I - DA IMPUGNAÇÃO A ALEGAÇÃO DE DECADÊNCIA

Em preliminar de contestação alega a Ré ter decaído prazo do Autor para ingresso com a ação de quanti minoris , e o referido prazo é de até 1 (um) ano, para que este possa ver-se socorrido pela via judicial. Em que pese o costumeiro saber do Nobre causídico, tais alegações contrapõem a legislação pertinente ao tema.

No que se refere ao prazo de descoberta dos danos no imóvel a Ré tenta inferir data não mencionada aos autos, a fim de tentar se esquivar da obrigação que lhe é imposta por lei e pelo contrato de compra e venda do imóvel entabulado entre as partes.

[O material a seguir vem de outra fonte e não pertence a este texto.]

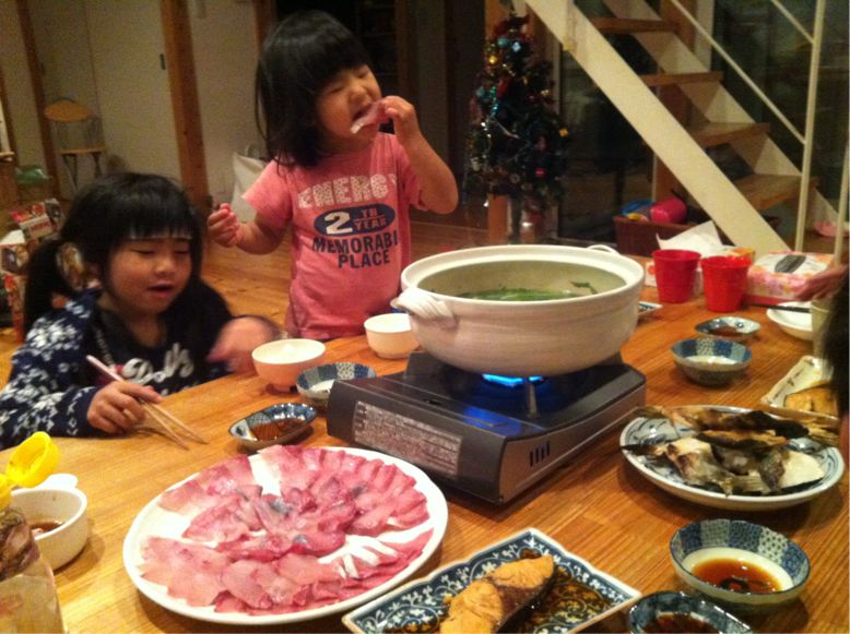 会社からの年末支給品として、毎年魚を貰っています。(変わった会社デス。)去年までは鯛だったのですが、今年はブリ!一人身の上司から、もう一匹頂いてるので、計二匹!とても食べ切れないので、お婆ちゃん家やご近所にも配りマス。一度やってみたかった「ブリしゃぶ」が実現!子供達も大喜び♪半身残しておいたら、翌日の晩御飯もブリしゃぶになってしまいマシタ。はは。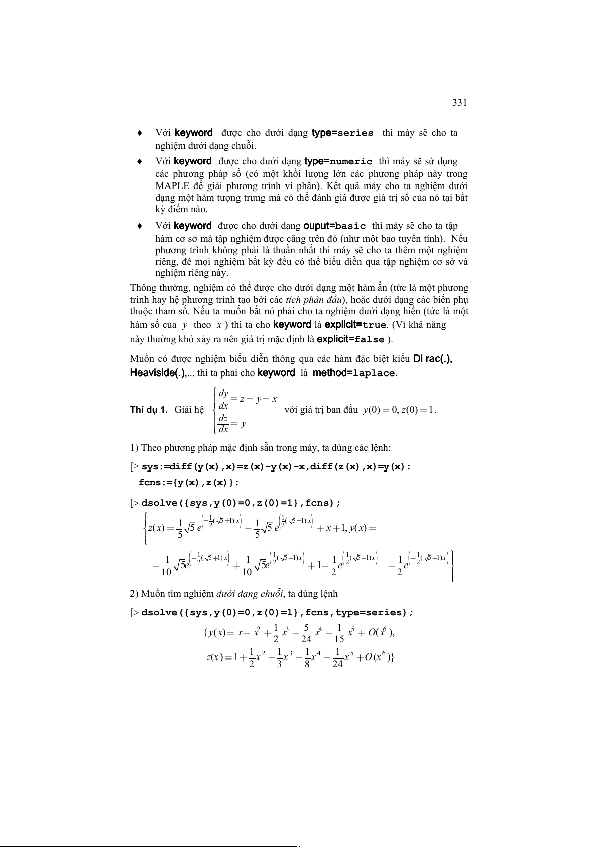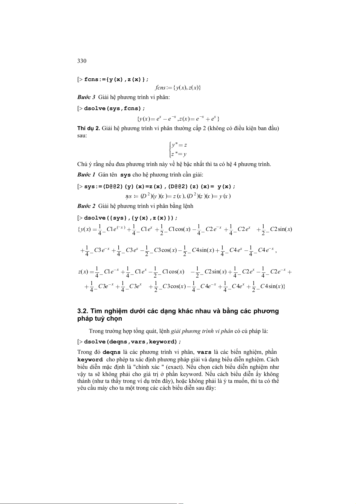 3.2. Tìm nghiệm dưới các dạng khác nhau và bằng các phương pháp tuỳ chọn..................... 330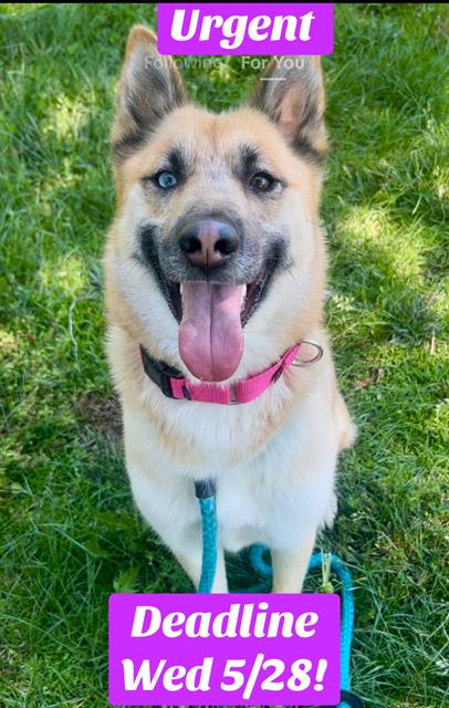 URGENT -DEADLINE FOR ADOPTION OR RESCUE WEDNESDAY 5/28, 5:00PMLovable Lani (A878365) is a 1-year-old spayed German Shepherd/Siberian Husky mix with a striking tan coat and a foxy, floofy look that really turns heads! At just 40 lbs, she’s a petite pup with a big personality—and even bigger energy. Lani’s had a few stops on her journey so far, but she’s still holding out for the right match! Her first home found her energy overwhelming, and in her second, she showed some prey drive toward cats and smaller dogs. Out on walks, Lani can be barky and reactive around other dogs, but she’s been working on her leash manners using a Halti-type leash and showing progress. She’s smart, knows ‘sit’, ‘down’ & ‘shake’. She is very food-motivated, and eager to please—qualities that make her a great candidate for continued training! She is also a playful girl who loves playing with stuffed toys and splashing in the kiddie pool, and enjoys pets and affection from her people. Lani’s participated in shelter playgroups, but she’s very particular about her canine friends and may do best as either an only dog or with a well-matched companion. With structure, consistency, and plenty of playtime, Lani will shine! She’s young, enthusiastic, and ready to thrive in a home that can match her energy and meet her needs. Third time’s the charm—could you be the one to give Lani her fresh start? Check her out in the videos below:To meet me, visit the Bradshaw Animal Shelter Tuesday-Sunday, Noon – 5:00 pm, Wednesdays, Noon – 6:00 pm. All adoptions are on a first-come, first-served basis. To help expedite the meet and greet process, please make note of my Animal ID number, and those of other dogs you might be interested in meeting. Be sure to bring your ID with you, too. We are located at 3839 Bradshaw Road, Sacramento. I look forward to getting to know you!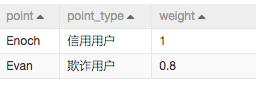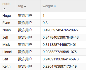 使用标签传播分类组件除了需要所有人员的通联图数据以外,还要有人员打标数据。本实验通过已知数据(读数据表)组件导入打标数据(“weight”表示目标是欺诈用户的概率),如下图所示:

Percebe-se que o argumento da Ré é desleal em relação as informações trazidas na exordial e as documentações apresentadas junto a contestação, buscando, assim, levar o juiz a erro quanto o prazo de ciência dos referidos danos. O documento apresentado pela Ré de fls. 135, aponta que a entrega das chaves só ocorreu em 08 de junho de 2015.

Alega ainda em sede preliminar que os danos apontados pelo Autor foram solucionados no ano de 2017, bem como foi entregue a época termo de entrega fls. 139. Por oportuno, seja reconhecida a confissão expressa da Ré.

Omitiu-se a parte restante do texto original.